Recommendation: Option A (Sequential Short-Circuit):

  1. Min-cut DENY is immediate (structural safety)
  2. Conformal uncertainty gates e-process (no point accumulating evidence if outcome unpredictable)
  3. E-process makes final permit/defer decision

Acceptance Criteria:

  • Gate latency < 50ms for typical decisions
  • No single-point-of-failure (graceful degradation)
  • Decision audit trail is complete

DDC-4.2: Graceful Degradation

Decision Required: How should the gate behave when components fail?

Component Failure Fallback Behavior
Min-cut unavailable Defer all actions; alert operator
Conformal predictor fails Use widened prediction sets (conservative)
E-process computation fails Use last valid e-value; decay confidence
All components fail Full DENY; require human approval

Acceptance Criteria:

  • Failure detection within 100ms
  • Fallback never less safe than full DENY
  • Recovery is automatic when component restores

DDC-4.3: Latency Budget Allocation

Decision Required: How to allocate total latency budget across components?

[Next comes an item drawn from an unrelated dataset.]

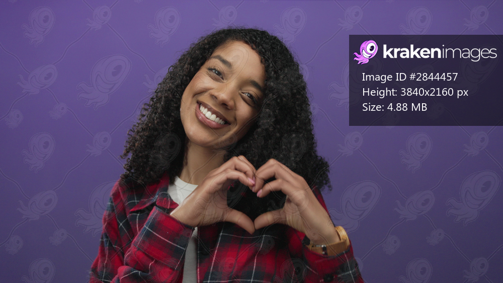 African american woman in red plaid shirt smiling forms heart gesture in purple studio; love warmth.

Given total budget T_total (e.g., 50ms):

Component Allocation Rationale
Min-cut update 0.2 · T Amortized; subpolynomial
Conformal prediction 0.4 · T Main computation
E-process update 0.2 · T Arithmetic; fast
Decision logic 0.1 · T Simple rules
Receipt generation 0.1 · T Hashing; logging

Acceptance Criteria:

  • p99 latency < T_total
  • No component exceeds 2× its budget
  • Latency monitoring in place

5. Operational Parameters

DDC-5.1: Threshold Configuration

Parameter Symbol Default Range Tuning Guidance
E-process deny threshold τ_deny 0.01 [0.001, 0.1] Lower = more conservative
E-process permit threshold τ_permit 100 [10, 1000] Higher = more evidence required
Uncertainty threshold θ_uncertainty 0.5 [0.1, 1.0] Fraction of outcome space
Confidence threshold θ_confidence 0.1 [0.01, 0.3] Fraction of outcome space
Conformal coverage target 1-α 0.9 [0.8, 0.99] Higher = larger sets

DDC-5.2: Audit Requirements

Requirement Specification
Receipt retention 90 days minimum
Receipt format JSON + protobuf
Receipt signing Ed25519 signature
Receipt searchability Indexed by action_id, timestamp, decision
Receipt integrity Merkle tree for batch verification

6. Testing & Validation Criteria

DDC-6.1: Unit Test Coverage

Module Coverage Target Critical Paths
conformal/ ≥ 90% Prediction set generation; shift adaptation
eprocess/ ≥ 95% E-value validity; supermartingale property
anytime_gate/ ≥ 90% Decision logic; receipt generation

DDC-6.2: Integration Test Scenarios

Scenario Expected Behavior
Normal operation Permit rate > 90%
Gradual shift Coverage maintained; permit rate may decrease
Abrupt shift Temporary DEFER; recovery within 100 steps
Adversarial probe DENY rate increases; alerts generated
Component failure Graceful degradation; no unsafe permits

DDC-6.3: Benchmark Requirements

Metric Target Measurement Method
Gate latency p50 < 10ms Continuous profiling
Gate latency p99 < 50ms Continuous profiling
False deny rate < 5% Simulation with known-safe actions
Missed unsafe rate < 0.1% Simulation with known-unsafe actions
Coverage maintenance ≥ 85% Real distribution shift scenarios

7. Implementation Phases

Phase 1: Foundation (v0.1)

  • E-value and e-process core implementation
  • Basic conformal prediction with ACI
  • Integration with existing GateController
  • Simple witness receipts

Phase 2: Adaptation (v0.2)

  • COP and retrospective adjustment
  • Mixture e-values for robustness
  • Graph model with conformal-based weights
  • Enhanced audit trail

Phase 3: Production (v1.0)

  • CORE RL-based adaptation
  • Learned graph construction
  • Cryptographic receipt signing
  • Full monitoring and alerting

8. Open Questions for Review

  1. Graph Model Scope: Should the action graph include only immediate actions or multi-step lookahead?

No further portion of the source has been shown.